Forget the snips and snails that little boys are made of -- I can vouch that little boys are at least 90% lightning. I turned around and Jack was gone. I looked through the aisles for the wandering lad and found him at the checkout line where a woman was buying him the red motorcycle. I ran up and she explained that she wanted to buy the dollar toy for Jack and that Jack did not ask her to buy it. It seems that Jack went to the checkout line with the toy, found a sympathetic-looking woman, went up to her and said, "I've been a good boy all year." She told me that since Jack had been such a good boy, she wanted to reward him with the toy, adding that he was sooo cute.
So the three of us (Jack, myself, and the newly-purchased motorcycle) -- and after thanking the woman -- went of in search of Kitty, who was somewhere in the store loading up the cart with gew-gaws and jimcracks. I told her what had happened and we were both feeling somewhat embarrassed when we noticed that Jack (he of the lightning feet) was gone again. He was back at the checkout counter with another strange woman who was buying him the toy binoculars! On top of that, she added a four-inch lollipop! Again, he had not asked her for anything.
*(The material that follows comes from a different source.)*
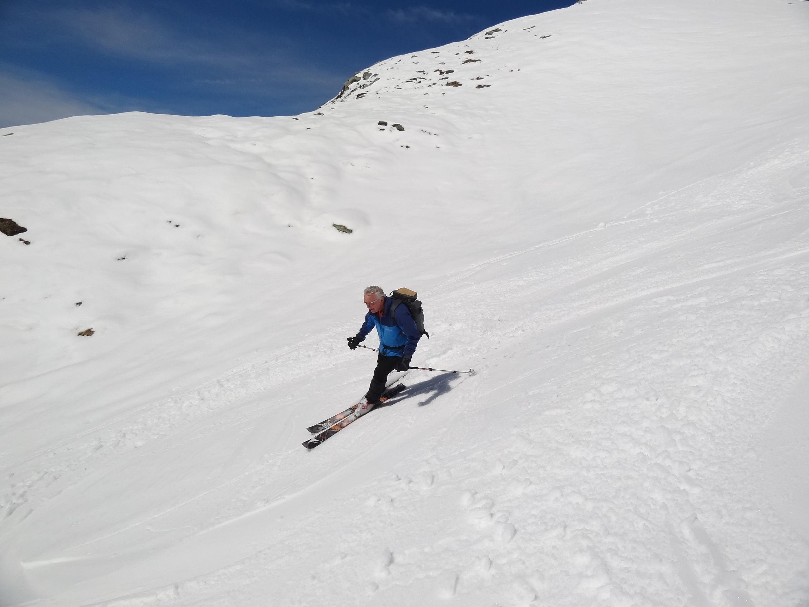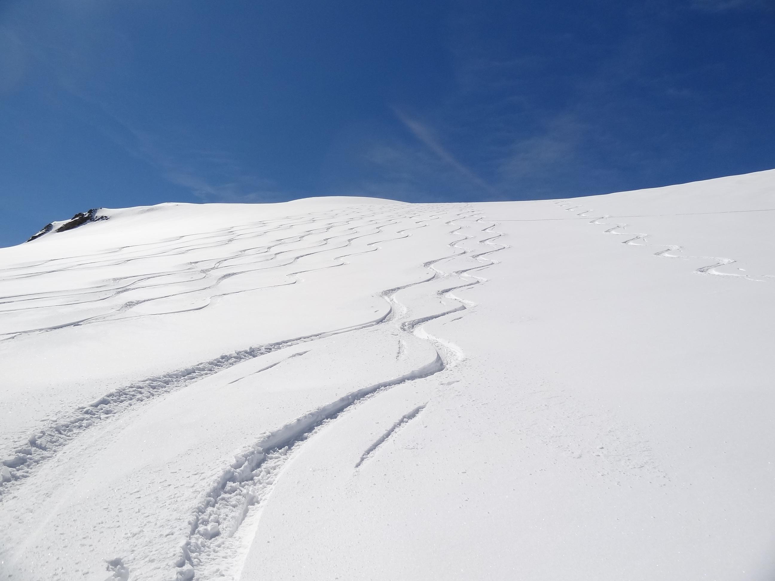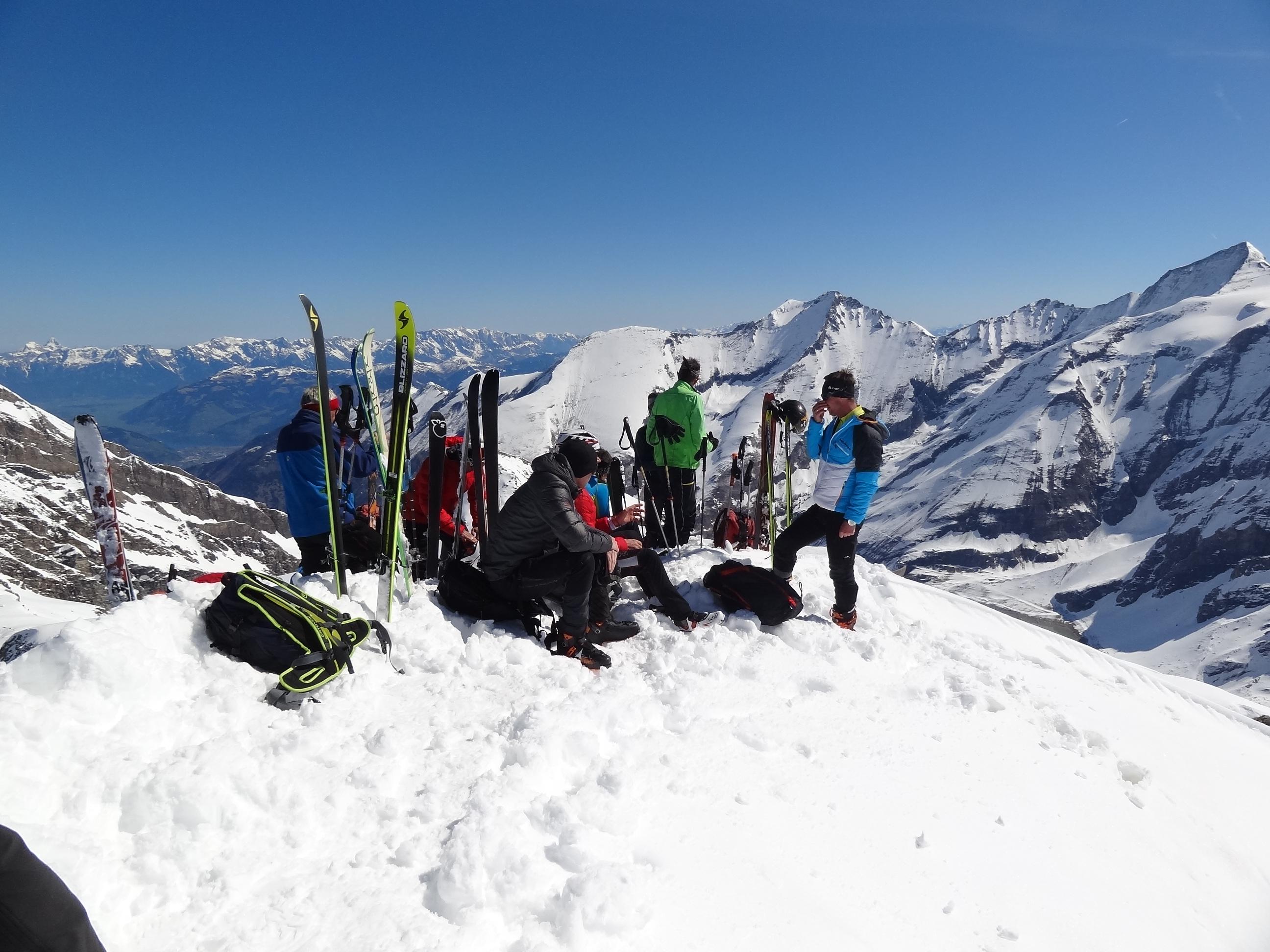 Die Tourensaison ist noch nicht zu Ende. Heute waren ca. 20 Tourengeher am Hocheiser. Wegen des Neuschnees vom Dienstag konnten wir schon nach einer viertelstündigen Tragepassage die Tourenschi anlegen. Bis auf 2800 m hinauf tragfähiger Schmelzharschdeckel, dann Pulver. Bei der Abfahrt umgekehrt: Pulver - Harschdeckel und dann feinster Firn.

By the time we got there she was telling him that she was proud he had been so good and that he should try to continue being good all the way to Christmas.
We hustled him out of the store before he could hustle another customer.
And then I remembered an incident from a year ago. Jack (then three) and I were sitting on a bench near the registers at Wal-Mart, waiting for Kitty who was buying gew-gaws and jimcracks. Jack was busy waving and smiling and saying hi to everyone, when a stranger came up and asked me if he could give Jack something, explaining that Jack just looked sooo cute and was sooo well-behaved. He gave Jack a large red toy truck and gave me the receipt and walked off. It was a $14 toy.
This stuff only seems to happen when I'm with Jack.
Now, at four years of age, Jack has discovered the secret to success and I'm sure his future career as a panhandler will be a stellar one.
I just don't know if Jack's parents will ever forgive me.